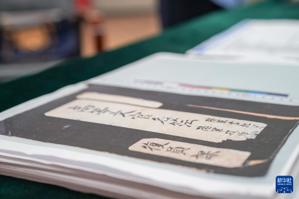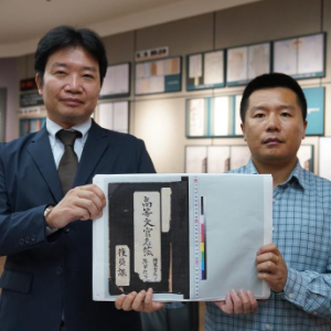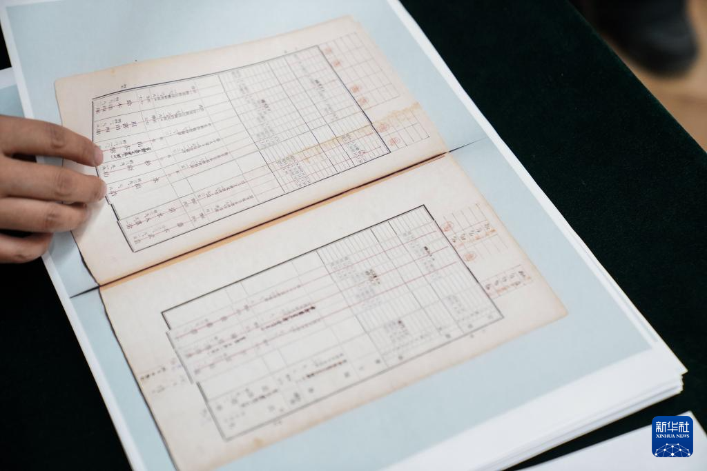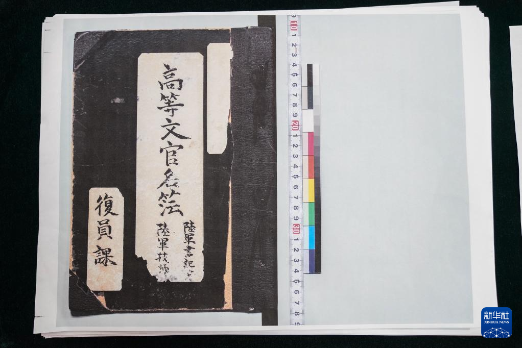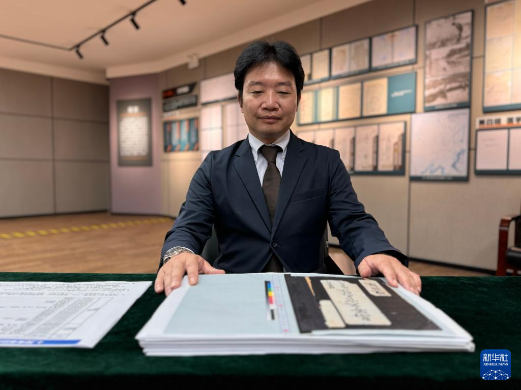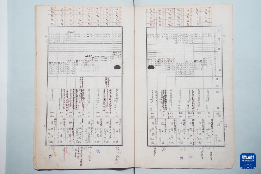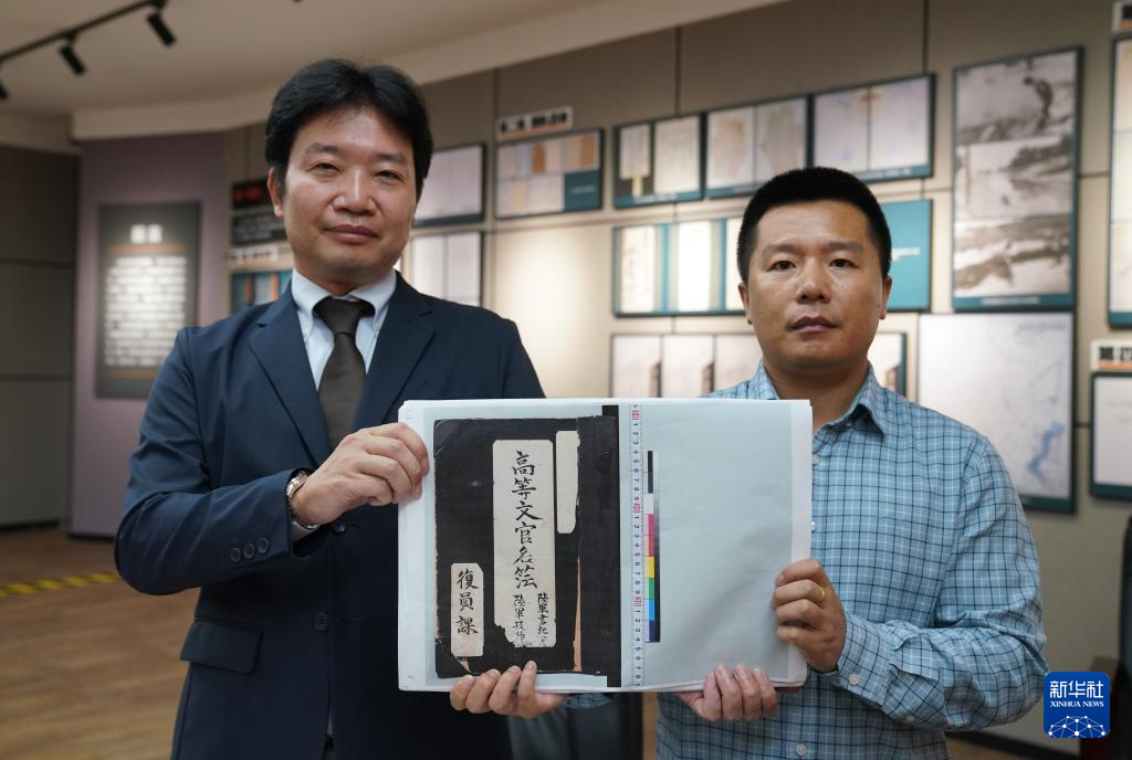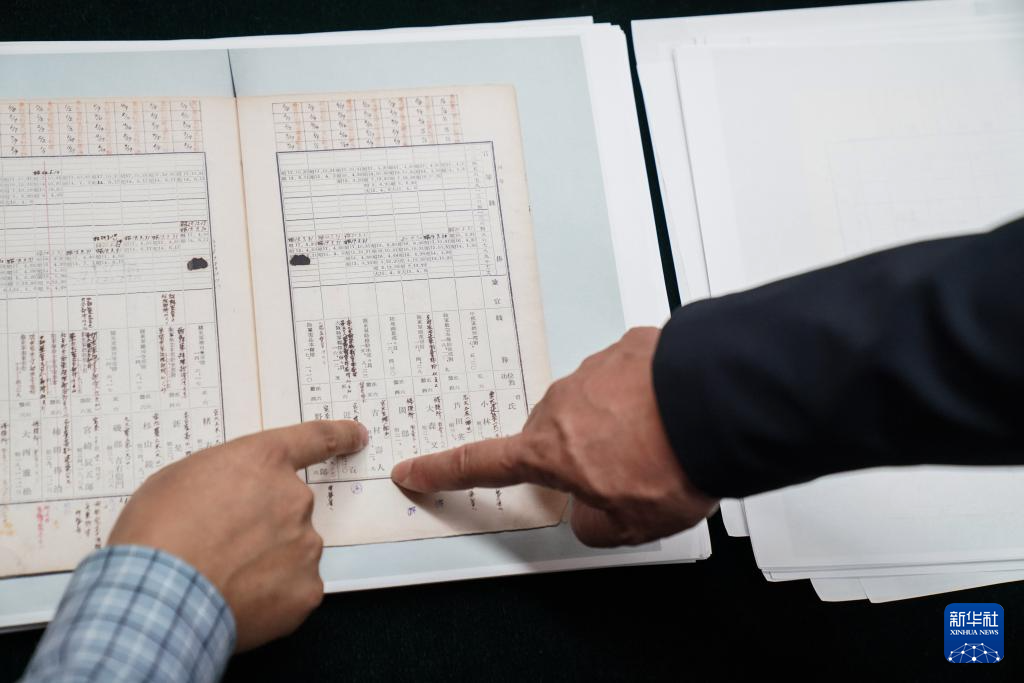 在侵华日军第七三一部队罪证陈列馆新闻中心,日本学者、黑龙江外国语学院特聘教授松野诚也(左)与哈尔滨市侵华日军细菌与毒气战史研究会副秘书长金士成展示《陆军高等文官名簿 陆军书记官 陆军技师》影印件(9月17日摄)。
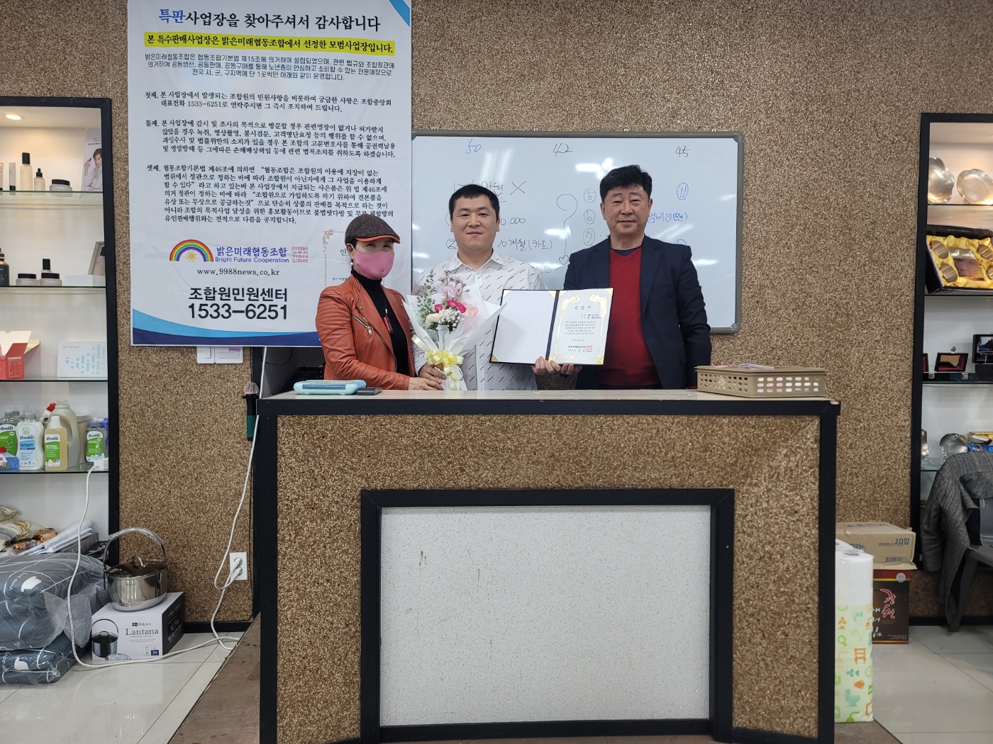 “법 테두리 안에서 소비자보호제도 성실 이행” 밝은미래협동조합, ‘멀티ss샾’에 모범사업장 인증서 전달
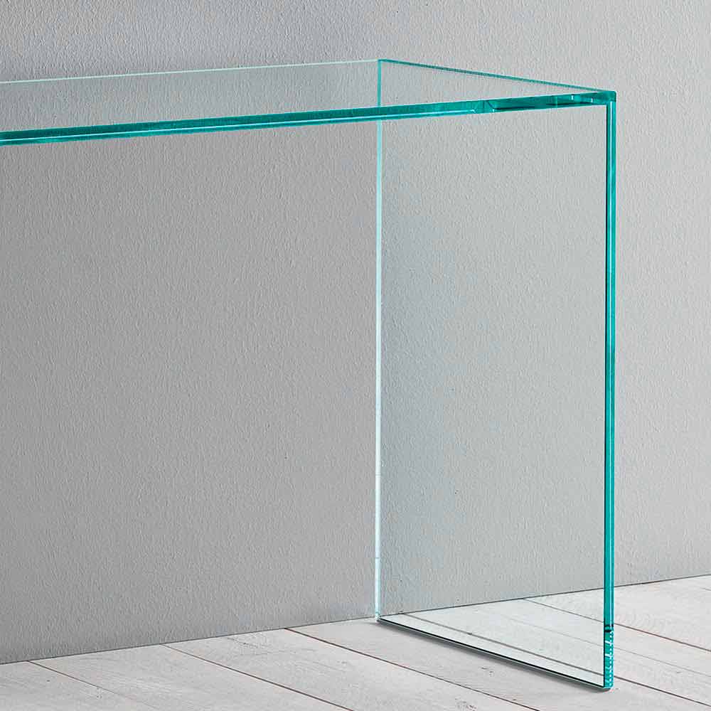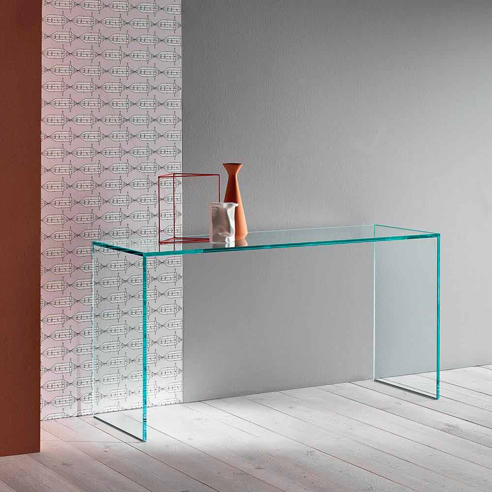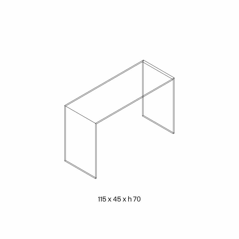 Konsolë është një mobilje që mund të përdoret në mënyrë transversale në kontekste të ndryshme dhe ka një strukturë urë të thjeshtë dhe lineare, tërësisht e bërë prej qelqi ekstra të pastër.
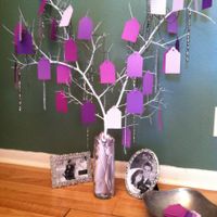 Just finished working on my wishing tree! Started off with a glass vase. Then I cut a tree branch from the front yard. I spray painted it white and added strings of grey crystals. I purchased grey...
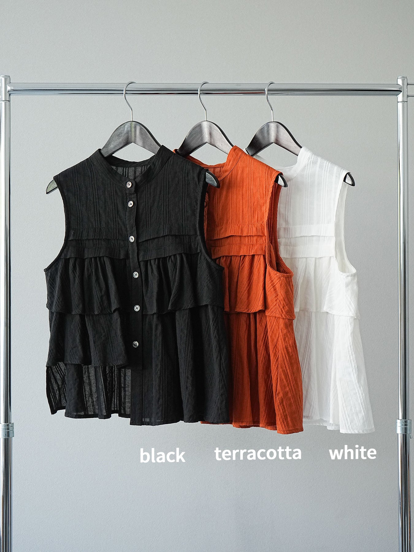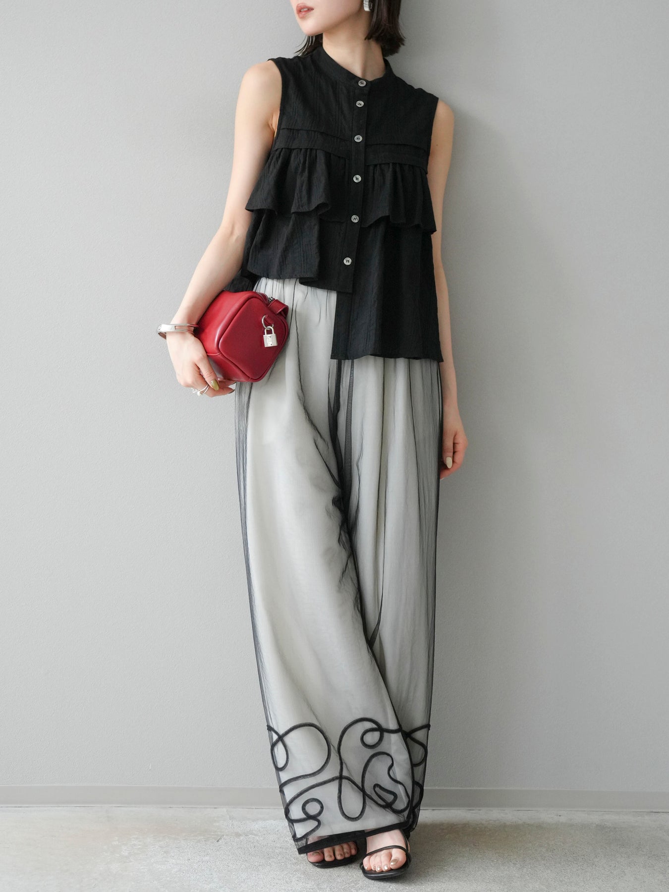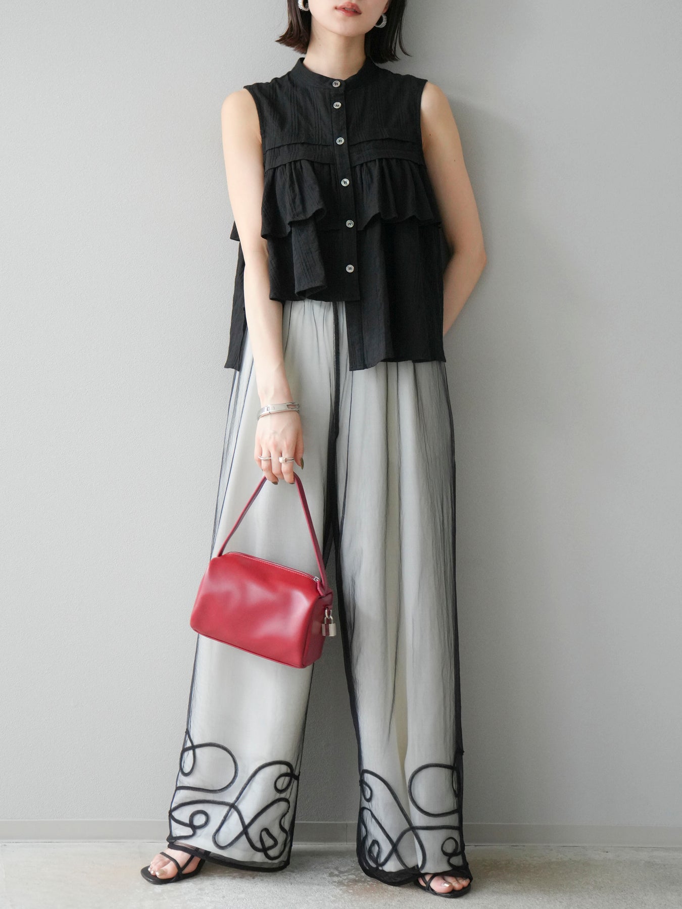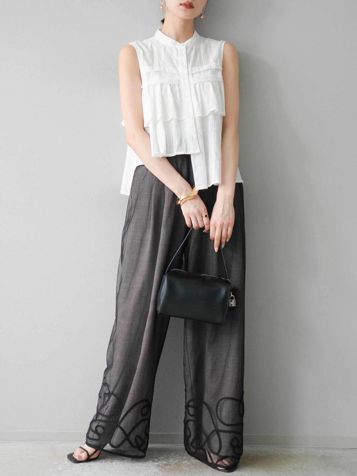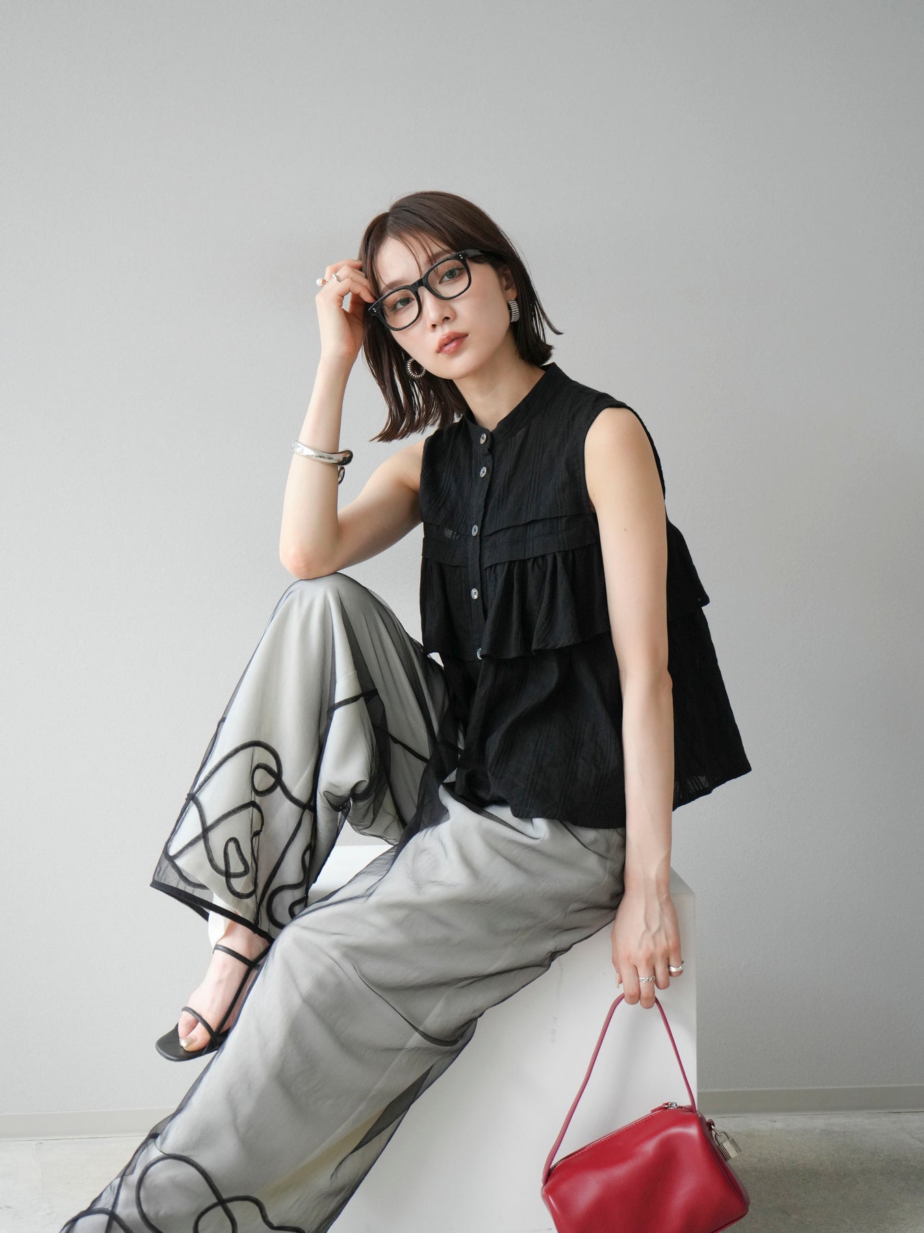 繊細なドビーストライプ生地を使用し、軽やかでフェミニンな印象に仕上げたノースリーブブラウス。 フロントに施されたアシンメトリーなフリルが目を惹き、シンプルながらも存在感のあるデザインです。 すっきりとしたバンドカラーが甘さを程よく引き締め、バランスの良い大人フェミニンなスタイルを演出。 肩まわりをカバーする程よいノースリーブラインで、ノースリーブ初心者の方にも取り入れやすい一枚です。 パンツにもスカートにも合わせやすく、デイリーからお出かけまで幅広く活躍。 ナチュラルな表情とこなれ感を同時に叶える、夏の主役ブラウスです。
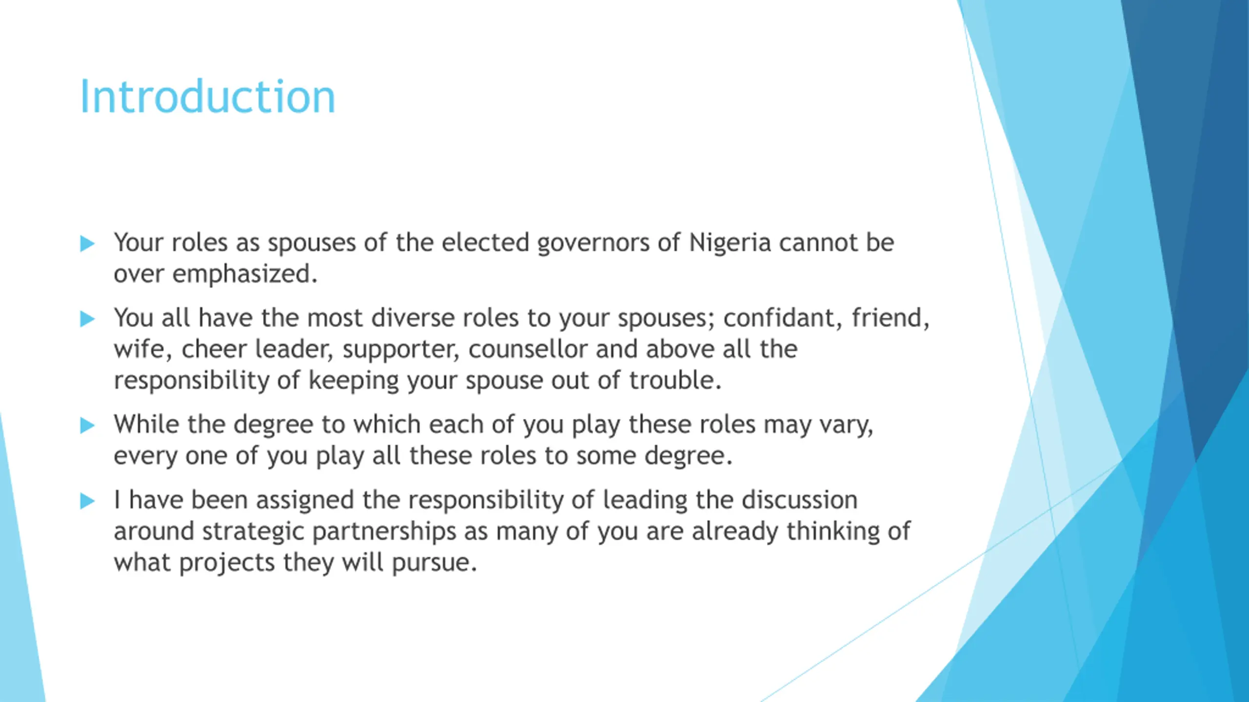 Introduction Your roles as spouses of the elected governors of Nigeria cannot be over emphasized. You all have the most diverse roles to your spouses; confidant, friend, wife, cheer leader, supporter, counsellor and above all the responsibility of keeping your spouse out of trouble. While the degree to which each of you play these roles may vary, every one of you play all these roles to some degree. I have been assigned the responsibility of leading the discussion around strategic partnerships as many of you are already thinking of what projects they will pursue.
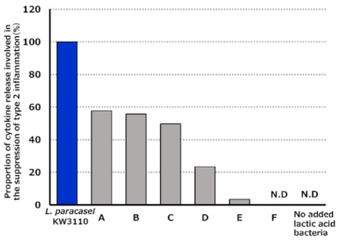 Figure 1. Proportion of type 2 inflammation-suppressing cytokines released by immune cells stimulated with various lactic acid bacteria
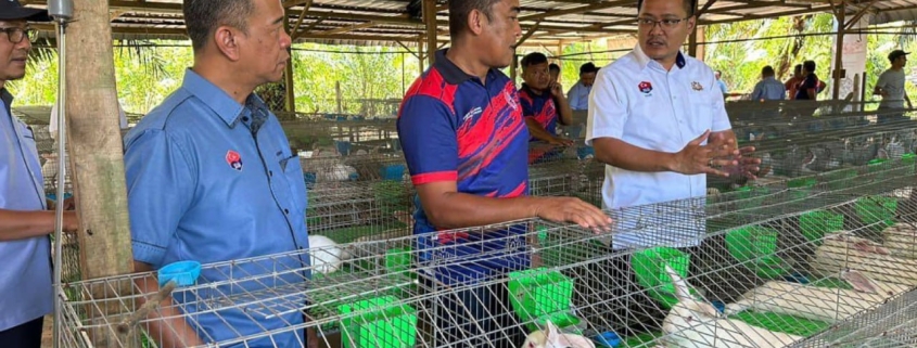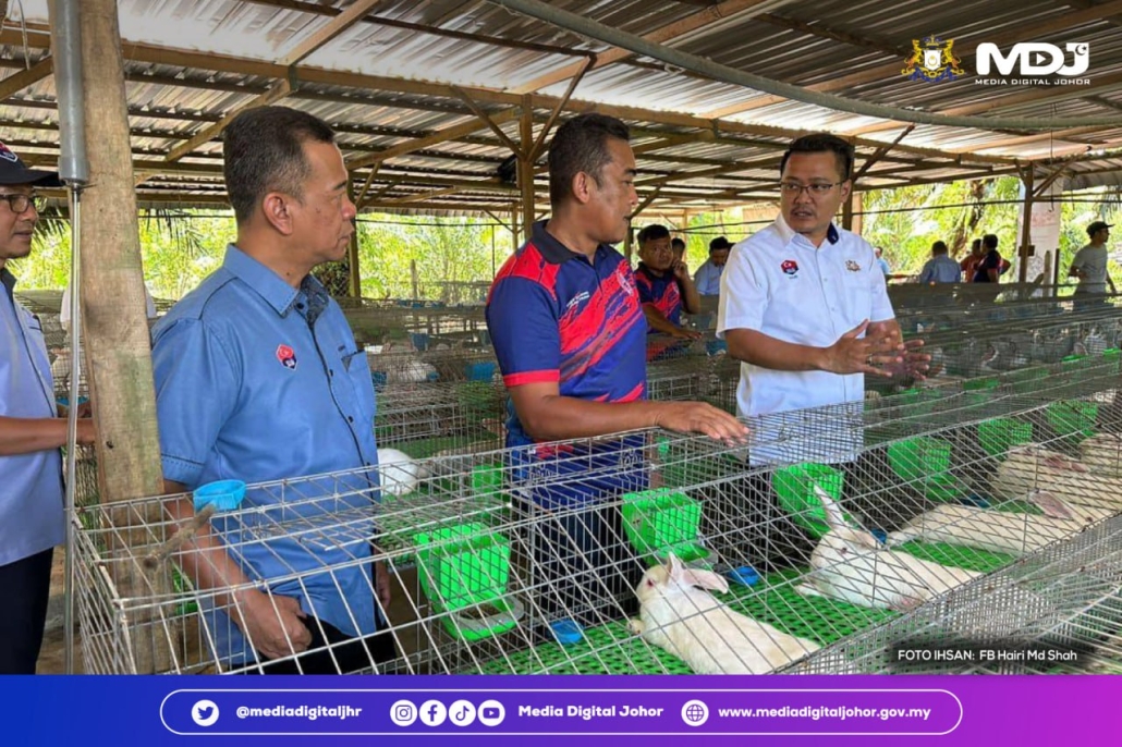 Pengerusi Jawatankuasa Belia, Sukan, Pembangunan Usahawan, Koperasi dan Sumber Manusia Negeri Johor, Mohd Hairi Mad Shah melawat ladang yang menempatkan kira-kira 800 ternakan arnab pedaging ini yang dipelihara dalam kawasan yang bersih, diselenggara dan bersistematik. | Foto ihsan Facebook Hairi Md Shah

◆ Task description: The records above must be output exactly, except for the pictures.

◆ Exercise response:
 在侵华日军第七三一部队罪证陈列馆新闻中心,日本学者、黑龙江外国语学院特聘教授松野诚也(左)与哈尔滨市侵华日军细菌与毒气战史研究会副秘书长金士成展示《陆军高等文官名簿 陆军书记官 陆军技师》影印件(9月17日摄)。
 “법 테두리 안에서 소비자보호제도 성실 이행” 밝은미래협동조합, ‘멀티ss샾’에 모범사업장 인증서 전달
 Konsolë është një mobilje që mund të përdoret në mënyrë transversale në kontekste të ndryshme dhe ka një strukturë urë të thjeshtë dhe lineare, tërësisht e bërë prej qelqi ekstra të pastër.
 Just finished working on my wishing tree! Started off with a glass vase. Then I cut a tree branch from the front yard. I spray painted it white and added strings of grey crystals. I purchased grey...
 繊細なドビーストライプ生地を使用し、軽やかでフェミニンな印象に仕上げたノースリーブブラウス。 フロントに施されたアシンメトリーなフリルが目を惹き、シンプルながらも存在感のあるデザインです。 すっきりとしたバンドカラーが甘さを程よく引き締め、バランスの良い大人フェミニンなスタイルを演出。 肩まわりをカバーする程よいノースリーブラインで、ノースリーブ初心者の方にも取り入れやすい一枚です。 パンツにもスカートにも合わせやすく、デイリーからお出かけまで幅広く活躍。 ナチュラルな表情とこなれ感を同時に叶える、夏の主役ブラウスです。
 Introduction Your roles as spouses of the elected governors of Nigeria cannot be over emphasized. You all have the most diverse roles to your spouses; confidant, friend, wife, cheer leader, supporter, counsellor and above all the responsibility of keeping your spouse out of trouble. While the degree to which each of you play these roles may vary, every one of you play all these roles to some degree. I have been assigned the responsibility of leading the discussion around strategic partnerships as many of you are already thinking of what projects they will pursue.
 Figure 1. Proportion of type 2 inflammation-suppressing cytokines released by immune cells stimulated with various lactic acid bacteria
 Pengerusi Jawatankuasa Belia, Sukan, Pembangunan Usahawan, Koperasi dan Sumber Manusia Negeri Johor, Mohd Hairi Mad Shah melawat ladang yang menempatkan kira-kira 800 ternakan arnab pedaging ini yang dipelihara dalam kawasan yang bersih, diselenggara dan bersistematik. | Foto ihsan Facebook Hairi Md Shah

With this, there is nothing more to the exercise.